Information provided Block Start

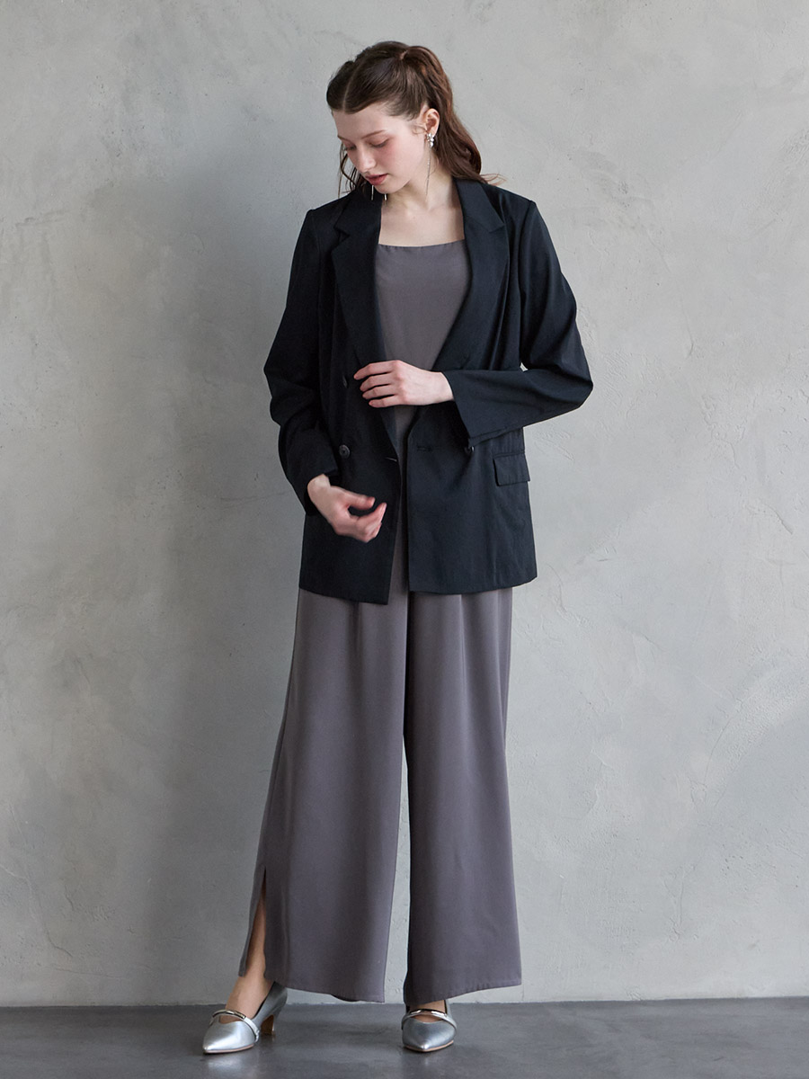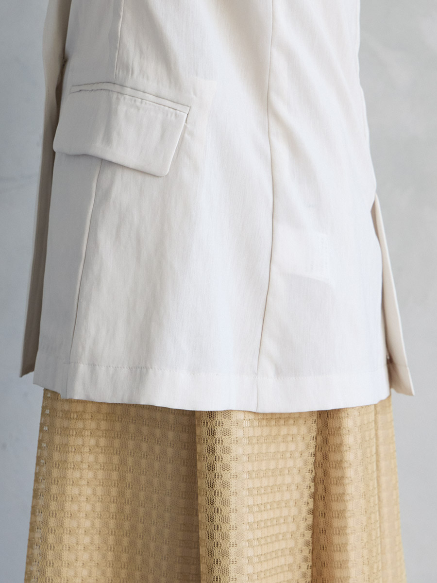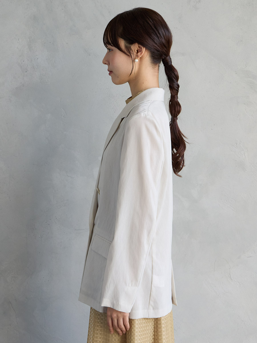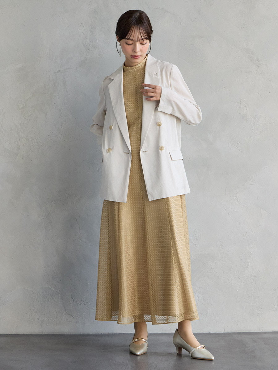 ・パンツドレス(品番:0323-7-15200)など、マニッシュなテイストのドレスに羽織って夏のオケージョンスタイルに
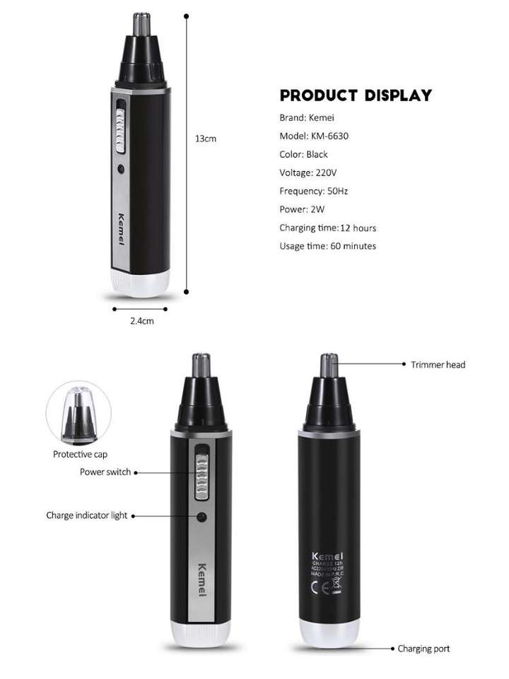 Keme-6630 4 in 1 naso capelli barba sopracciglio ricaricabile elettrico Trimmer naso elettrico rasoio orecchio tagliacapelli
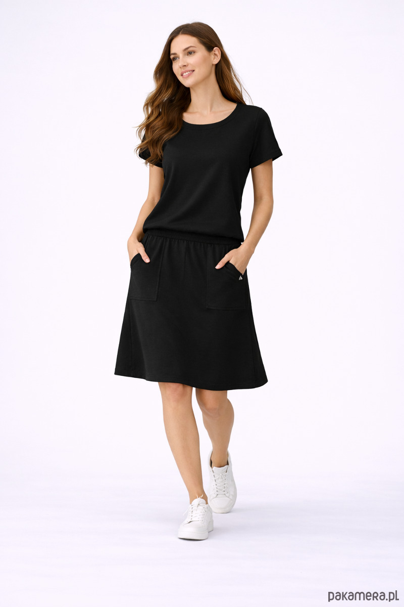 Spódnica posiada wysoki stan z prążkowanym ściągaczem, który dobrze trzyma talię, ale nie uciska. Dodatkowo duże kieszenie z przodu nadają całości nowoczesnego, lekko streetowego charakteru.
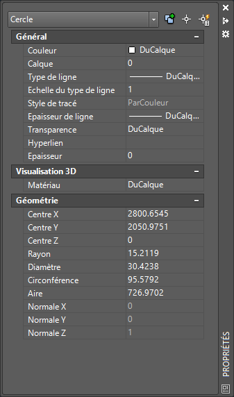 Le panneau Propriétés répertorie les paramètres courants des propriétés applicables aux objets sélectionnés ou bien à un ensemble d'objets. Toute propriété paramétrable peut être modifiée en spécifiant une nouvelle valeur.

Information provided Block End

Give the lines from the one containing "Keme-6630 4 in" through the final line of the material again, exactly and in full, but without pictures.

Exercise answer —
 Keme-6630 4 in 1 naso capelli barba sopracciglio ricaricabile elettrico Trimmer naso elettrico rasoio orecchio tagliacapelli
 Spódnica posiada wysoki stan z prążkowanym ściągaczem, który dobrze trzyma talię, ale nie uciska. Dodatkowo duże kieszenie z przodu nadają całości nowoczesnego, lekko streetowego charakteru.
 Le panneau Propriétés répertorie les paramètres courants des propriétés applicables aux objets sélectionnés ou bien à un ensemble d'objets. Toute propriété paramétrable peut être modifiée en spécifiant une nouvelle valeur.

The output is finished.